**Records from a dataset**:
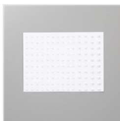
Basic Perlenschmuck - 144219
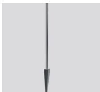
LAA.AS01.000.00 Mini Raggio Spot Asta h. 300 mm con picchetto.

AAA.TRSL13.00 Driver LED constant voltage 24V 70W IP67.
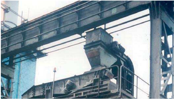
Transportador vibratorio del motor de desequilibrio con un mecanismo giratorio para la carga con caldero
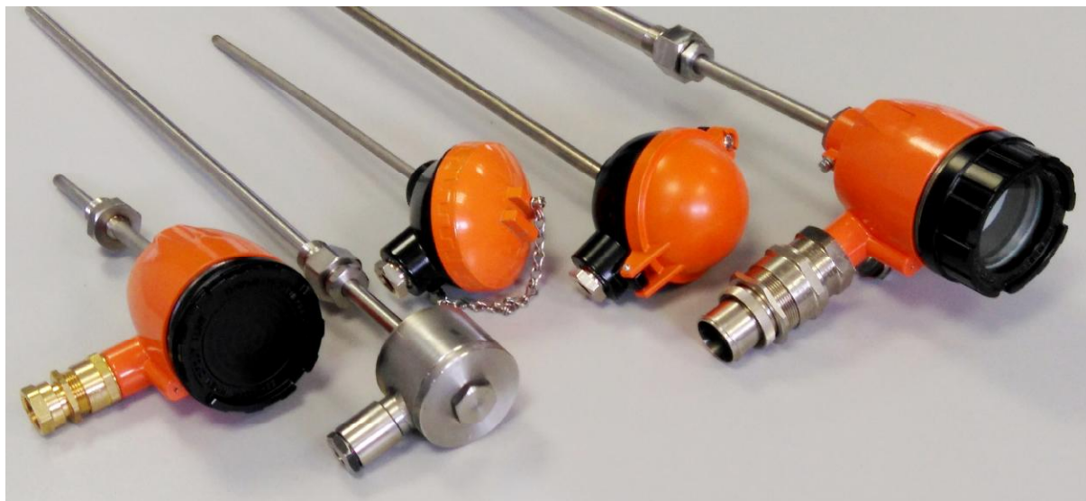
Рисунок 1 - Датчики температуры серий ТП, ТР

Общий вид датчиков температуры серий ТП, ТР представлен на рисунке 1.
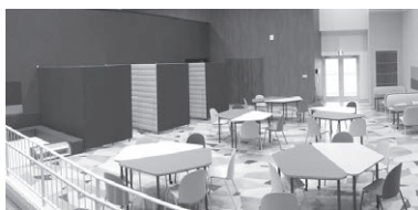
リニューアル工事が進む 出羽庄内国際村

金を活用してホームページを刷新するほか、イベントでは従来のワールドバザールや音楽祭等の内容拡充を予定している。また、外国人の生活相談窓口には、プライバシーに配慮した相談スペースを設置し、インターネットを活用した相談にも対応可能な環境を整える予定である。今後も外国人住民が安心して暮らせるように、やさしい日本語教室の開催など、多言語対応の充実を継続していく。
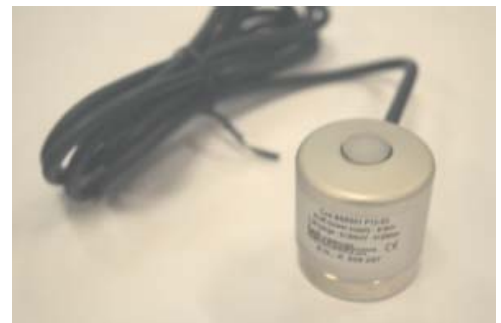
Radiômetro BSR 030
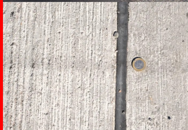
Les joints de retrait et le béton avec sa finition balayée.
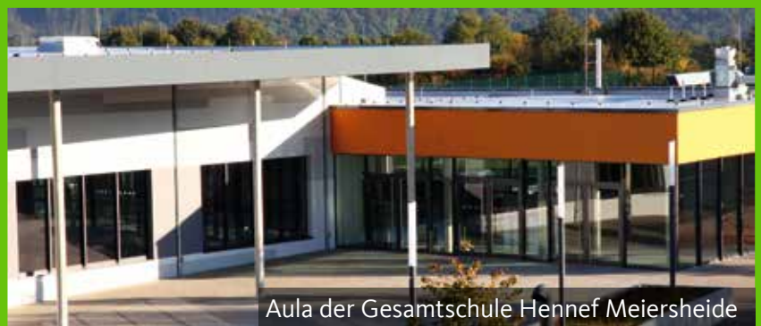
Aula der Gesamtschule Hennef Meiersheide
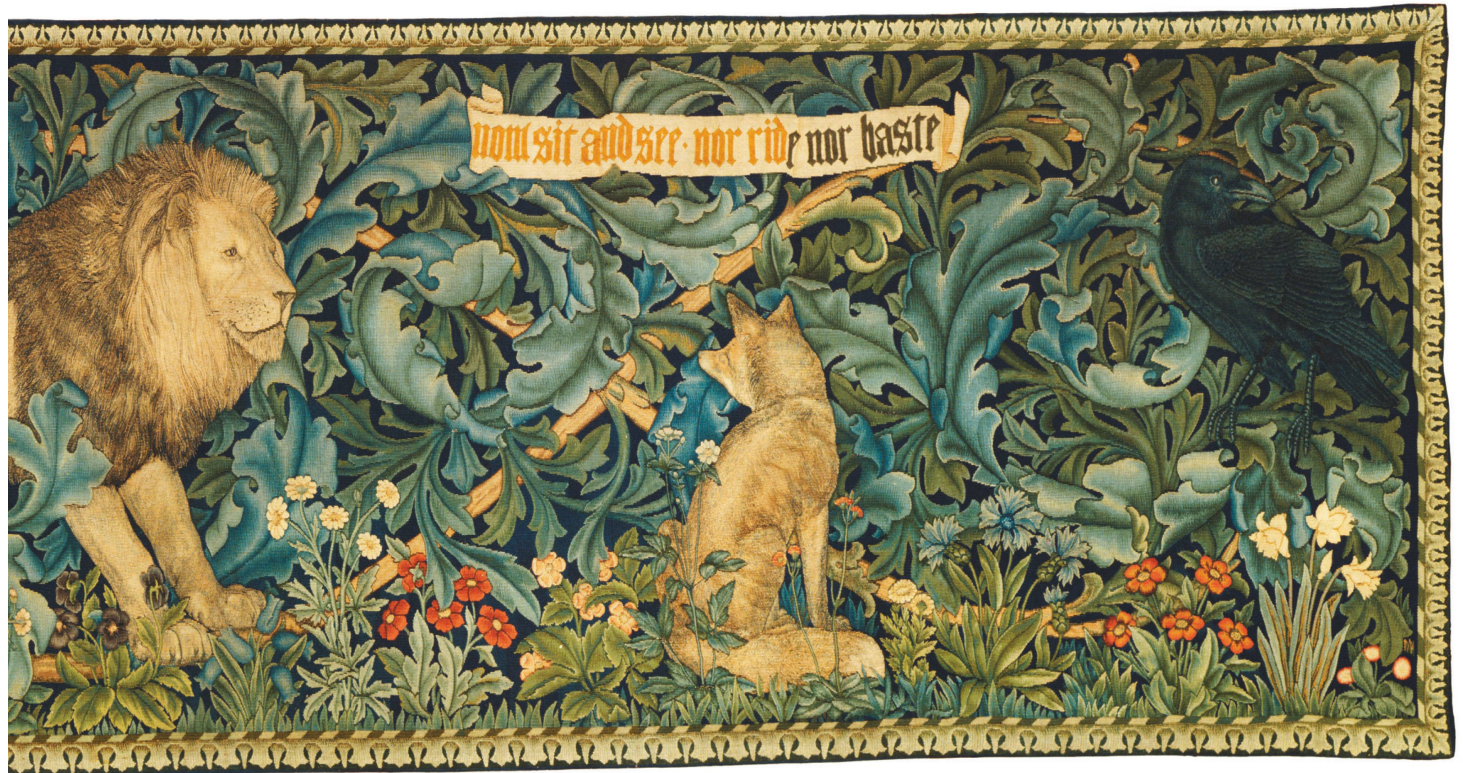
William Morris interessierte sich für die Wiederbelebung mittelalterlicher Handwerkstechniken, zu denen die Fertigung hochwertiger Wandteppiche gehörte. Er liess diese in seiner Manufaktur in traditioneller Art und Weise herstellen.

ausdrückt. Den erhielt die Schweiz an der Weltausstellung 1873. In Wien wurden die Schweizer Erzeugnisse zwar ihrer Brauchbarkeit wegen gelobt, nicht jedoch ihrer formalen Qualität und ästhetischen Originalität wegen: «Man ist bemüht, nicht zurückzubleiben, man strebt andererseits nicht danach, eine der Lage nicht angemessene Höhe zu erklimmen», ist im amtlichen Bericht der Wiener Weltausstellung über die Schweizer Produkte zu lesen. Das traf die Unternehmer ins Mark: Die Société des patrons graveurs gründete in La Chaux-de-Fonds die
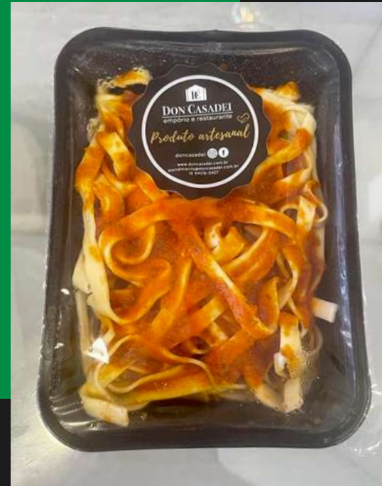
Talharim ao sugo
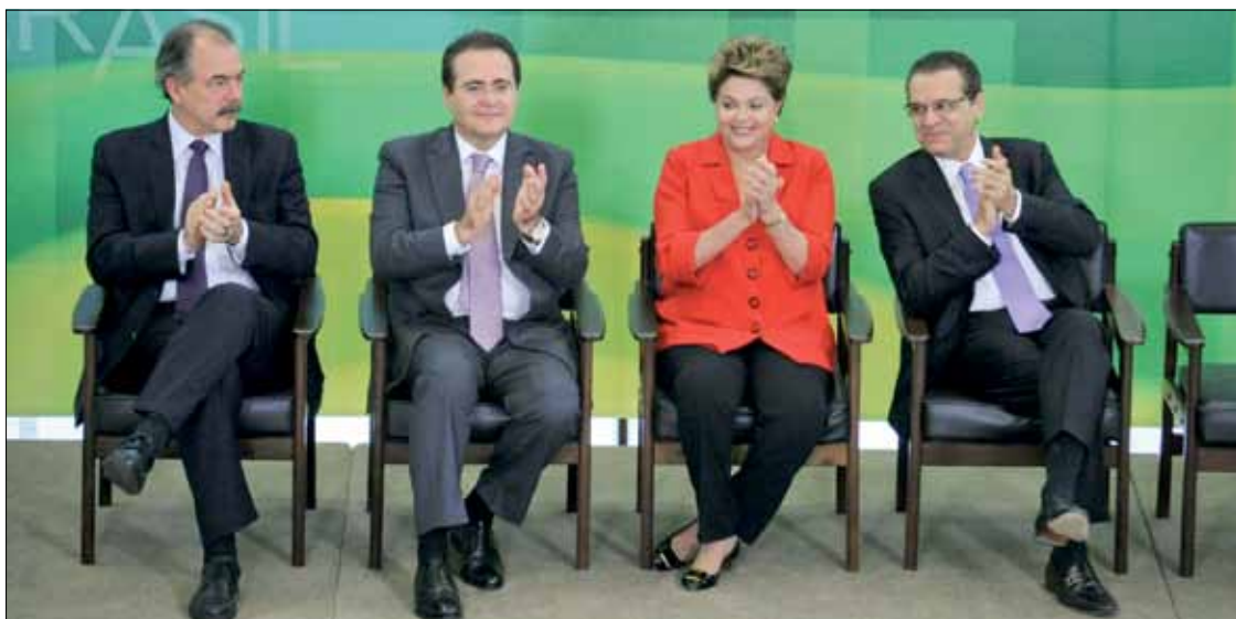
Aloizio Mercadante, Renan Calheiros e Henrique Alves acompanham cerimônia de sanção da lei pela presidente Dilma
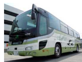
バス乗務員訓練専用車
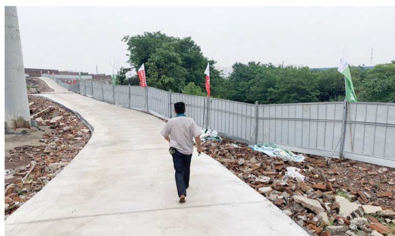
▲粮先生说,工地右侧护栏是他们负责运输的

“工友们现在天天找我要工资。”粮先生告诉记者,上个月,他受雇在清水塘大道工地从事护栏围挡的运输工作,由于工作比较多,他叫上了4个工友,5个人一起在工地上工作了10多天。起初工资都是每日结算,但是工期后半段改成每两天一结算。最后护栏施工完毕了,最后2天的工钱却没有结算。
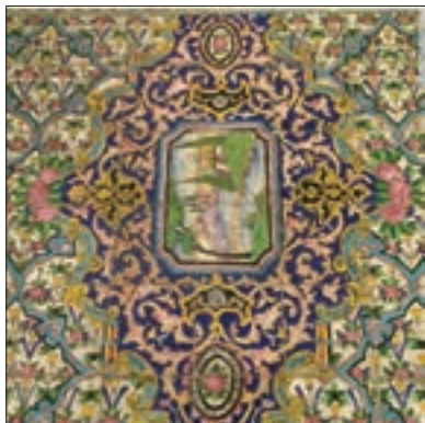
■ کلبه‌ای کوچک به سبک نقاشی‌های اروپایی روی کاشی‌های ایرانی (کاخ گلستان)

بسیاری از جوامع غیر غربی، در رویارویی با جهان غرب، به دلیل اینکه مرعوب قدرت اقتصادی و سیاسی برتر غرب گشتند، به خودباختگی فرهنگی گرفتار شدند. خودباختگی جوامع غیر غربی در برابر جهان غرب را «غرب زدگی» می نامند.
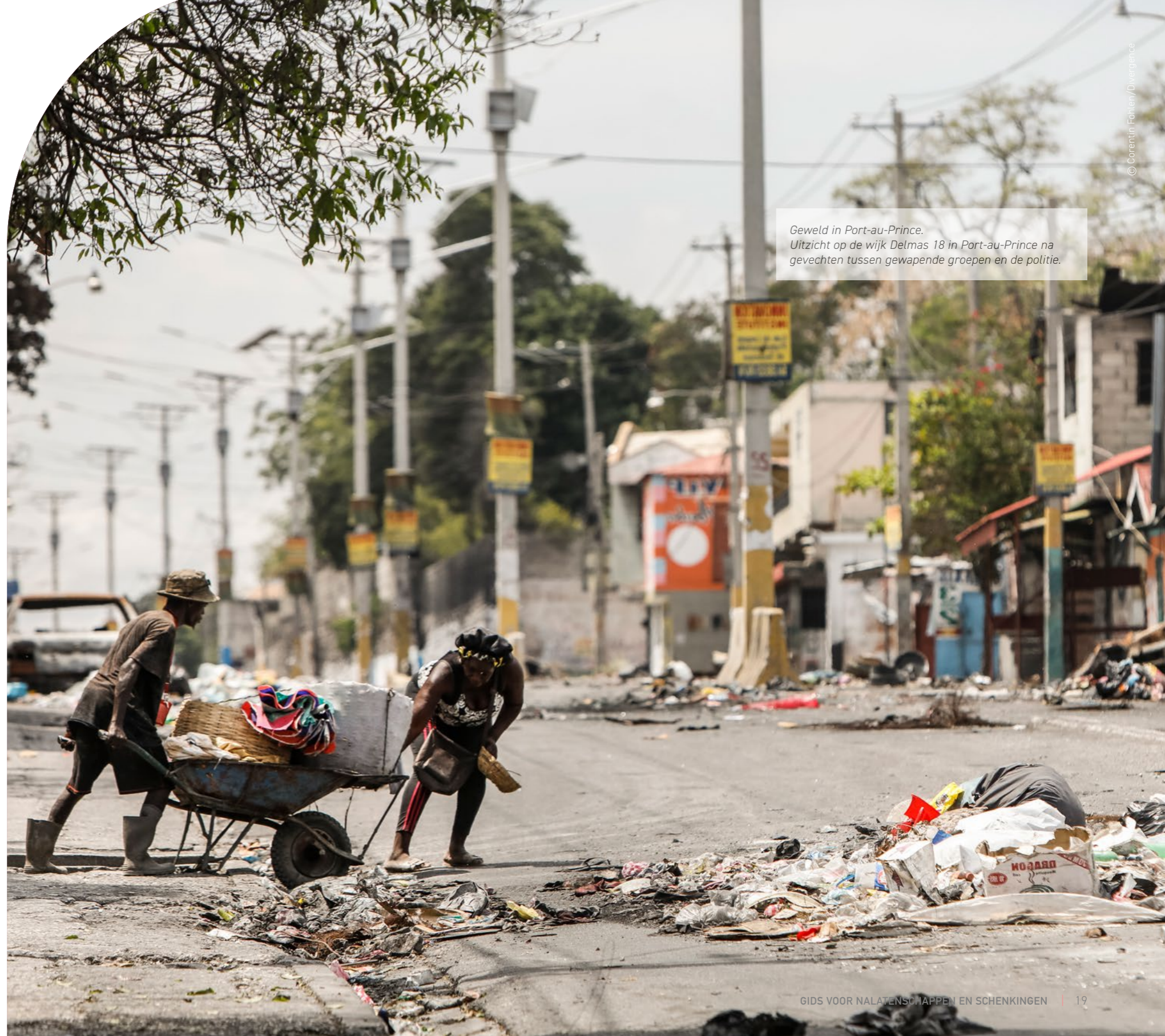
Geweld in Port-au-Prince. Uitzicht op de wijk Delmas 18 in Port-au-Prince na gevechten tussen gewapende groepen en de politie.

Patiënte en overlevende van seksueel geweld in Port-au-Prince, Haïti
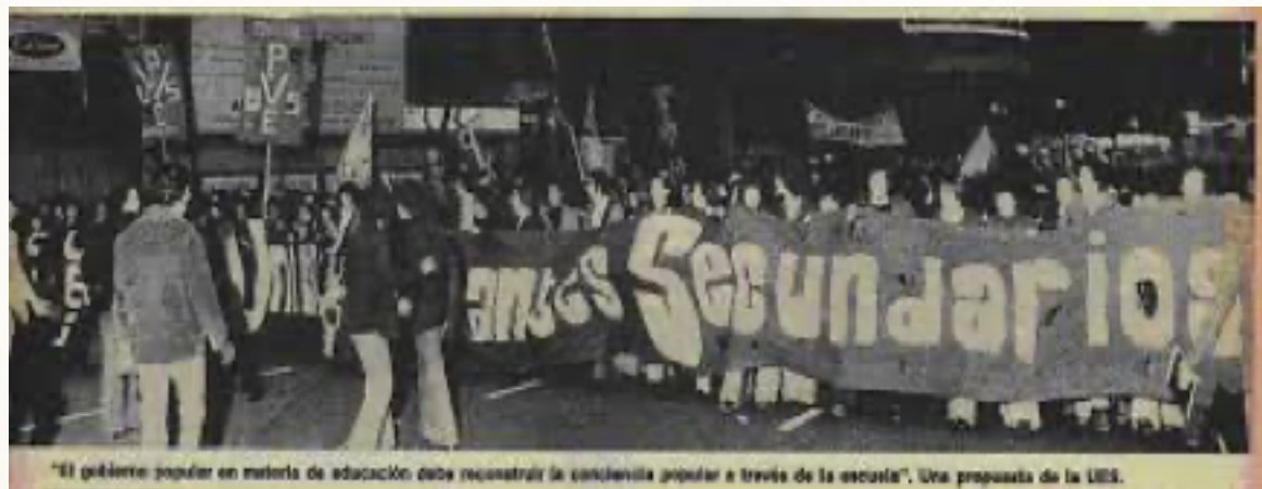
“El gobierno popular en materia de educación debe reconstruir la conciencia popular a través de la escuela”. Una propuesta de la UES.

Una de las tantas luchas que llevaron adelante fue la del Boleto Estudiantil Secundario: el costo del transporte era un gasto importante para lxs Estudiantes en un momento donde las Escuelas estaban instaladas únicamente en los centros urbanos.
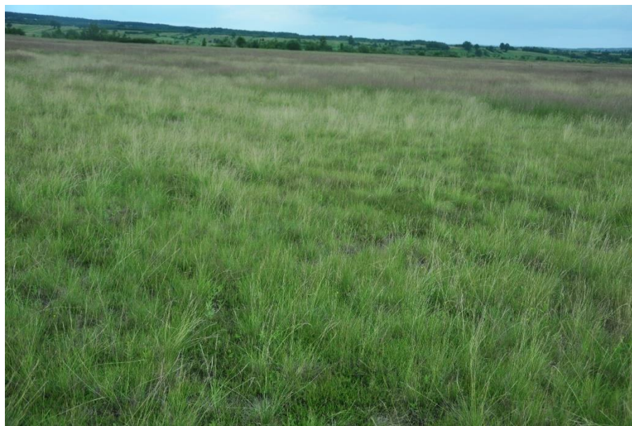
Murawa bliźniczkowe – siedlisko 6230, fot. Jan Starus

Termin, w którym prowadzone były badania to czerwiec – sierpień 2020 r. oraz dodatkowe obserwacje w 2021 r.
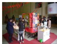
中國醫藥大學藥用化妝品系畢業成果展美豔登場。
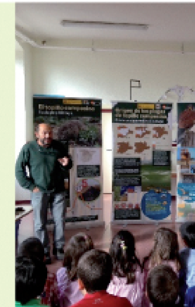
Información y sensibilización a la población rural: con especial atención a los sectores agrícola y cinegético, municipios, administraciones e incluyendo a los escolares.
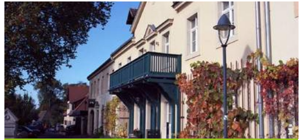
Weingut DREI HERREN

Wein und Kunst im Dialog zwischen Tradition und Moderne
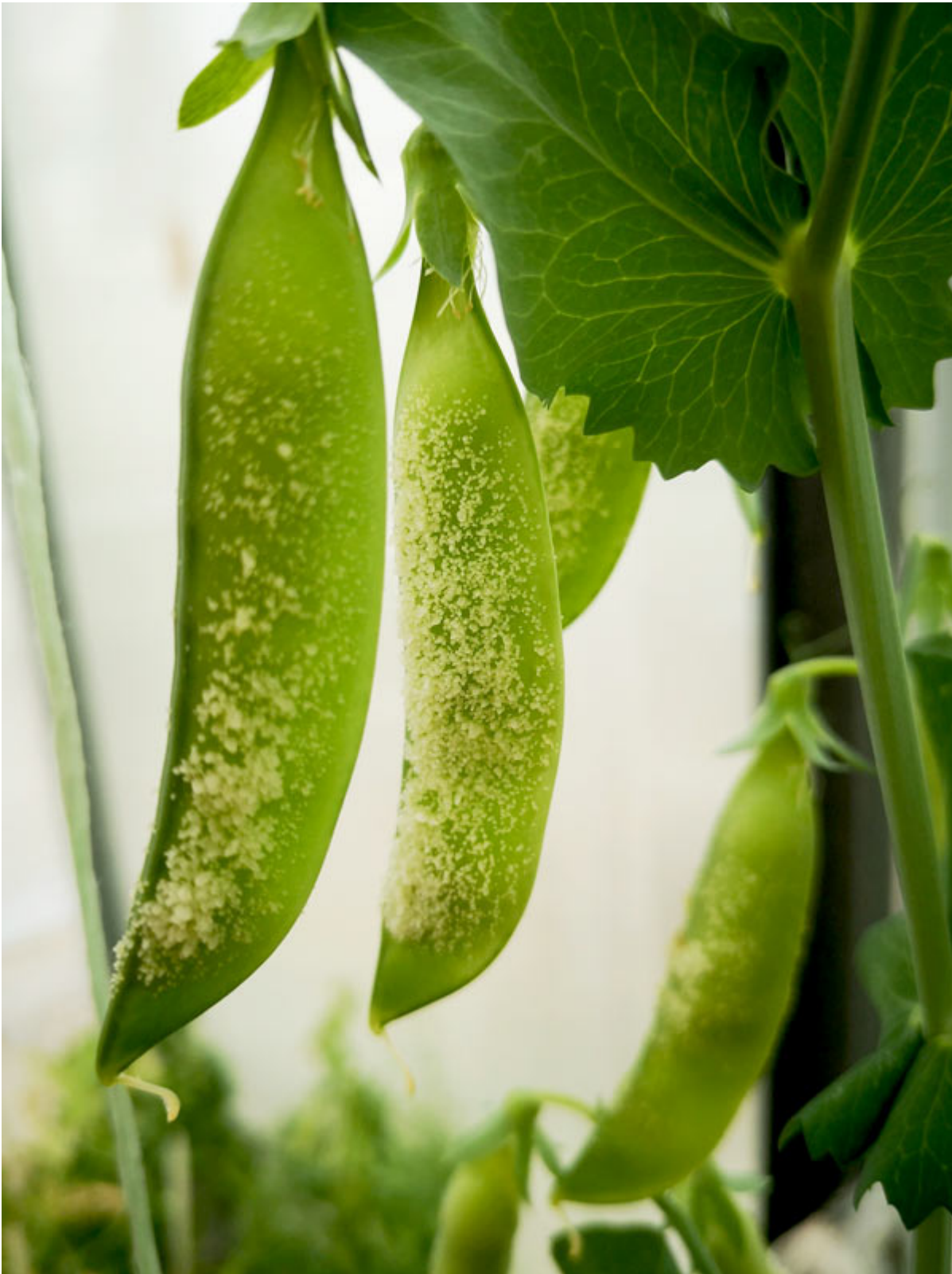
Fig. 4. Variedade de ervilha "Sovin" - vagem com neoplasma

A cor, a superfície e a forma das sementes variam de enrugada a lisa, creme, cinza-esverdeado a verde, redonda, esférica, em forma de tambor a tambor-angular (Fig. 5).

**REQUIREMENT**:
Nothing but the lines above from the one that has "リニューアル工事が進む 出羽庄内国際村" down to the one that has "بسیاری از جوامع" belongs in the answer, copied exactly, without pictures.

**FINISHED TASK**:
リニューアル工事が進む 出羽庄内国際村

金を活用してホームページを刷新するほか、イベントでは従来のワールドバザールや音楽祭等の内容拡充を予定している。また、外国人の生活相談窓口には、プライバシーに配慮した相談スペースを設置し、インターネットを活用した相談にも対応可能な環境を整える予定である。今後も外国人住民が安心して暮らせるように、やさしい日本語教室の開催など、多言語対応の充実を継続していく。
Radiômetro BSR 030
Les joints de retrait et le béton avec sa finition balayée.
Aula der Gesamtschule Hennef Meiersheide
William Morris interessierte sich für die Wiederbelebung mittelalterlicher Handwerkstechniken, zu denen die Fertigung hochwertiger Wandteppiche gehörte. Er liess diese in seiner Manufaktur in traditioneller Art und Weise herstellen.

ausdrückt. Den erhielt die Schweiz an der Weltausstellung 1873. In Wien wurden die Schweizer Erzeugnisse zwar ihrer Brauchbarkeit wegen gelobt, nicht jedoch ihrer formalen Qualität und ästhetischen Originalität wegen: «Man ist bemüht, nicht zurückzubleiben, man strebt andererseits nicht danach, eine der Lage nicht angemessene Höhe zu erklimmen», ist im amtlichen Bericht der Wiener Weltausstellung über die Schweizer Produkte zu lesen. Das traf die Unternehmer ins Mark: Die Société des patrons graveurs gründete in La Chaux-de-Fonds die
Talharim ao sugo
Aloizio Mercadante, Renan Calheiros e Henrique Alves acompanham cerimônia de sanção da lei pela presidente Dilma
バス乗務員訓練専用車
▲粮先生说,工地右侧护栏是他们负责运输的

“工友们现在天天找我要工资。”粮先生告诉记者,上个月,他受雇在清水塘大道工地从事护栏围挡的运输工作,由于工作比较多,他叫上了4个工友,5个人一起在工地上工作了10多天。起初工资都是每日结算,但是工期后半段改成每两天一结算。最后护栏施工完毕了,最后2天的工钱却没有结算。
■ کلبه‌ای کوچک به سبک نقاشی‌های اروپایی روی کاشی‌های ایرانی (کاخ گلستان)

بسیاری از جوامع غیر غربی، در رویارویی با جهان غرب، به دلیل اینکه مرعوب قدرت اقتصادی و سیاسی برتر غرب گشتند، به خودباختگی فرهنگی گرفتار شدند. خودباختگی جوامع غیر غربی در برابر جهان غرب را «غرب زدگی» می نامند.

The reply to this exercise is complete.